Творчество Д. Н. Мамина-Сибиряка, этого «Золя» русской литературы[496], выделяется в контексте русского натурализма особым подходом к моделированию биологических нарративов. Как и Достоевский в «Братьях Карамазовых» (гл. III.2), Мамин-Сибиряк в своих социальных романах вступает в критический диалог с поставленными Эмилем Золя «экспериментами-прообразами». Вместо того чтобы строить романное повествование сообразно представлениям об эпистемологических основаниях действительности, как это происходит в классическом натурализме (гл. II.2 и III.1), Мамин-Сибиряк раскрывает неукротимую, хаотичную сущность жизни и, соответственно, фиктивный характер любой научной модели. В романе о вырождении «Приваловские миллионы» (1883) теории наследственности и дегенерации не определяют сюжет на глубинно-структурном уровне, а выводятся на поверхность текста, в буквальном смысле превращаясь в орудия действий персонажей: интриги вокруг наследства последнего Привалова, его «миллионов» плетутся на основе научно-популярных знаний о теории вырождения. Крах этих биологически обоснованных планов по ходу развития сюжета, не приводящего к неизбежному с научной точки зрения (и ожидаемому персонажами) усугублению деградации главного героя, развенчивает теорию вырождения как фиктивную модель, противопоставляя ей неукротимость и непредсказуемость жизни. Важнейшую роль в этом играет соединение концепции «наследственности» с мотивом «наследства». Априорно-онтологический статус, которым наделяются оба этих элемента в художественном мире романа, в итоге оказывается мнимым. «Приваловские миллионы» изображают вырождение как дискурсивный фантом, не подкрепляемый действительностью.
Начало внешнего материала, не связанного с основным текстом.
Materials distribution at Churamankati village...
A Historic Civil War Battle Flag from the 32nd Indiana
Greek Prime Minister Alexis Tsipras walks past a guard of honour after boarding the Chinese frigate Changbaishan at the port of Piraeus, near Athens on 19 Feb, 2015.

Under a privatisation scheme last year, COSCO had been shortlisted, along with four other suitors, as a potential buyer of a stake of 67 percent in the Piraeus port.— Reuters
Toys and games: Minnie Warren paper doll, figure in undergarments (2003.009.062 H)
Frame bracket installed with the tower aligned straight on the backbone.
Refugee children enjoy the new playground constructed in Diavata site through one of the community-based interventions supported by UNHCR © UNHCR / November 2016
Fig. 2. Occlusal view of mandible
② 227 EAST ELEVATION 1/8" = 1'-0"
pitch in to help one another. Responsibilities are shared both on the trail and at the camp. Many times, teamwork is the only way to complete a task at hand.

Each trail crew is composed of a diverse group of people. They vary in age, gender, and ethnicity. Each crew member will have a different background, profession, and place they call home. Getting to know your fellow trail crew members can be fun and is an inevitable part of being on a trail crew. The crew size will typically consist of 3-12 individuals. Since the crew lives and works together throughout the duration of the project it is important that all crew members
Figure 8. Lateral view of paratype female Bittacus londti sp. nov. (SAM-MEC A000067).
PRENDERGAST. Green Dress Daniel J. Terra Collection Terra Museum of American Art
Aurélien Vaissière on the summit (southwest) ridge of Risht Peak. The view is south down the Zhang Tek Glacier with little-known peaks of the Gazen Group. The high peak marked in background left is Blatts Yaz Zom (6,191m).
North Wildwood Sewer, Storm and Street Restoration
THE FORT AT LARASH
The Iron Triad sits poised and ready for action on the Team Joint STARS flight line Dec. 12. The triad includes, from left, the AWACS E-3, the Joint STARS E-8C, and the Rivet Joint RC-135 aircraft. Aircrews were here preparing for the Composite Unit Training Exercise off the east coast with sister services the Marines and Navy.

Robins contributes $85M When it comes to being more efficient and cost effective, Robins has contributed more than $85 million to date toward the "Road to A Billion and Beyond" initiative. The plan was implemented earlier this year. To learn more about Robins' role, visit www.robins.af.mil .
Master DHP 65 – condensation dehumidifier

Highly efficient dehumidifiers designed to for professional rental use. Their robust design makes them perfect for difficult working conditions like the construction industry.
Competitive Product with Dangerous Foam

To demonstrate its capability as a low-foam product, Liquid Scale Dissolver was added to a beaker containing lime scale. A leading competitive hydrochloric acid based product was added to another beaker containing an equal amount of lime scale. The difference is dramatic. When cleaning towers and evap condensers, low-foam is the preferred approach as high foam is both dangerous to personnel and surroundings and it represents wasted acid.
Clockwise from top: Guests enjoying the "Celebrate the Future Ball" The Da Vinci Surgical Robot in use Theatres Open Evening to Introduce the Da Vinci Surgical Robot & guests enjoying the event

Контрэксперимент Мамина-Сибиряка сводит натуралистическое повествование к абсурду в двойном отношении: эпистемологическом и метафикциональном. С одной стороны, ложная посылка, которую должен опровергнуть этот фикциональный мысленный эксперимент, выражается в том, что поначалу повествование словно бы строится согласно базовому нарративу о психофизическом и социальном упадке, направляемом фундаментальным «естественным законом» дегенерации. Таким образом, сначала концепция вырождения предъявляется, как и в классическом натурализме, в качестве действенной объяснительной модели, позволяющей предвосхищать дальнейшие события. Однако этот контрфактически принятый исходный тезис оказывается несостоятельным, поскольку развитие сюжета, как будет показано, обнажает внутреннюю противоречивость («абсурдность») этой посылки и демонстрирует непригодность концепции вырождения для объяснения действительности, по сути своей неукротимой и хаотичной. С другой стороны, в «Приваловских миллионах» осуществляется метафикциональное сведение натуралистического письма к абсурду, подрывающее сами основы натурализма.
Эти противодискурсивные повествовательные приемы типичны и для последующих социальных произведений Мамина-Сибиряка, в частности для романа «Хлеб» (1895), рассмотренного в главе VII.2 в контексте слияния нарративов о вырождении и о «борьбе за существование». В «Хлебе» инсценируется еще более радикальное, чем в «Приваловских миллионах», крушение научных нарративов, коллапс их индексальной функции, приводящий в итоге к мощному всплеску непредвиденных обстоятельств, который почти исключает возможность истолкования описанных социальных процессов модернизации. В этой главе я сначала проанализирую «Приваловские миллионы» как контрфактуальное повествовательное воплощение концепции вырождения[497].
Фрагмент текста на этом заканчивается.